Location
- No.1099, Fenghuang Bei Rd, Xiangzhou, Zhuhai (Fenghuang Rd Campus) No.1, Taoyuan Rd, Xiangzhou, Zhuhai (Taoyuan Rd Campus)

Information
- Type: Public Middle School
- Motto: Enjoy learning, seek truth, excel at communication, bold in blazing new trails. 乐学，求真，从善，创美。
- Established: 1960
- School district: Xiangzhou, Zhuhai, Guangdong, China
- President: Guo Shaoling
- Faculty: About 300
- Grades: Grade 7 to Grade 9
- Enrollment: About 3000
- Colors: White and purple
- Campus Area: 72638 square metres
- Spirits: Build Beautiful Individuals through Beautiful Education 用美的教育造就美的新人

= Zhuhai Zijing Middle School =

Zhuhai Zijing Middle School (珠海市紫荆中学 (Zhūhai Shì Zǐjīng Zhōngxúe); colloquially known as 紫荆中学, Zǐjīng Zhōngxúe) is located in Xiangzhou, Zhuhai, Guangdong, it's a first-class middle school in Zhuhai, also one of the Provincial Model Junior High Schools.

== History ==

Zhuhai Zijing Middle School was founded in 1960 as Xiangzhou Fishermen Middle School (香洲渔民中学; pinyin: Xiāngzhōu Yúmín Zhōngxúe). In 1962, it changed its name into Xiangzhou Middle School (香洲中学; pinyin: Xiāngzhōu Zhōngxúe) and Zhuhai No.1 High School (珠海市第一中学; pinyin: Zhūhǎi Shì Dìyī Zhōngxúe) in July 1981. In 1979, it set up the senior high department. The senior campus was being put into use at Meihua Xi Rd in 2000.

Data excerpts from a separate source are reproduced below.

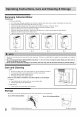 Operating Instructions Removing Collected Water ©. Emptying the Buck a. When the buck is full, the nit will shay don and tha BUCKET FULL incarnate will illuminate. fair fan v a timer ON-DEF sped — b. Do not move the unt at tis time otherwise water sy spit on the Oar €. Press sites of bucket gently fo punchy the buck from the uni. Remove the bucket ws shown i the autographs below and empty he bucket. 4b wane signboard water from bucket. Water is not potable and cannot be used far drinking.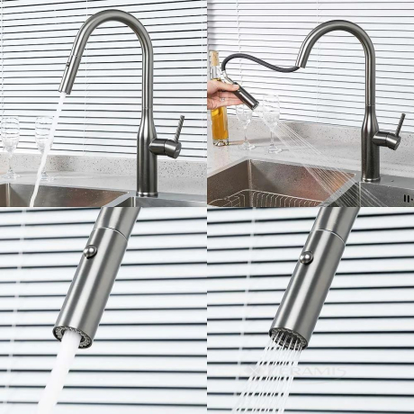 Отзывы о товаре Смеситель для кухни Gappo с выдвижным изливом, gungrey (G4398-41)1 отзыв
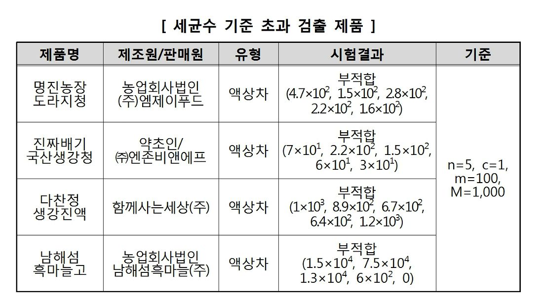 조사대상 25개 중 4개 제품은 세균수가 기준을 초과(150~75,000 CFU/g)해 검출됐다.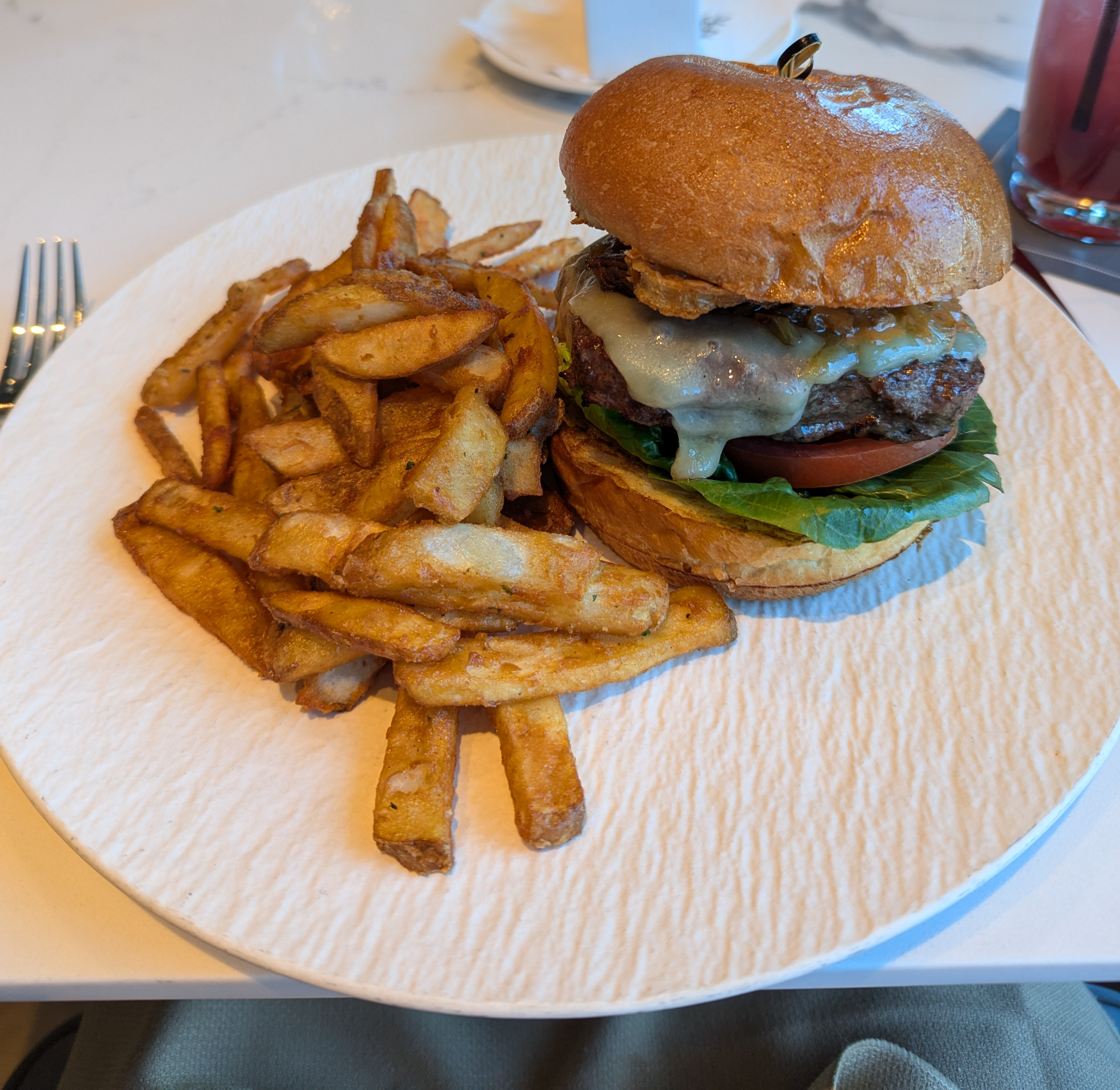 햄버거는 28달러 (+세금, 팁)였고 맛있었습니다. 감튀도 좋았고요, 다만 양이 정말 많아서 다 먹지는 못했어요. 미디움 레어로 부탁드렸는대 만족스러웠어요.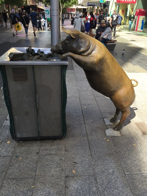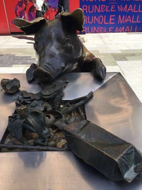 I went off to the local supermarket and a good fruit and veg shop to get some supplies. Not all Airbnb hosts will allow use of their kitchen to cook, sometimes just the microwave, but Deb does, although I decided to keep things easy with salads and some ready made meals. As it was my first day in Adelaide I walked into the centre in order to orientate myself. It took about an hour and was quite pleasant as the temperature wasn’t as high as originally forecast. I picked up brochures for all the festivals (Arts Festival – that I was turned down for as a volunteer, Fringe Festival which had already started, Writers’ Week – all of the events being free and Womadelaide). I popped to the tourist information office and got a Metrocard for the transport system. Along Randle Mall I saw this charming statue, which belonged to a group of pigs, called ‘A Day Out’ completed in 1999 by the artist Marguerite Derricourt: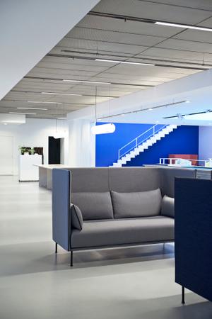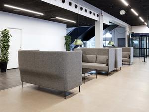 Aus großen Büroflächen sind die Highback-Versionen der Sofas nicht mehr wegzudenken. Denn sie schaffen gegenübergestellt auf wenig Fläche einen Ort für ungestörte Gespräche. Gleichzeit ist die große stoffbezogene Rückwand akustisch wirksam.

In 2008, the junior Dept was separated from Zhuhai No.1 High School and changed its name into the current one.

In 2011, the Zhuhai Taoyuan Middle School (珠海市桃园中学; pinyin: Zhūhǎi Shì Táoyuán Zhōngxúe) was merged into Zhuhai Zijing Middle School as Taoyuan Rd Campus (桃园路校区; pinyin: Táoyuán Lù Xiàoqū). The original campus was called Fenghuang Rd Campus (凤凰路校区; pinyin: Fènghuáng Lù Xiàoqū).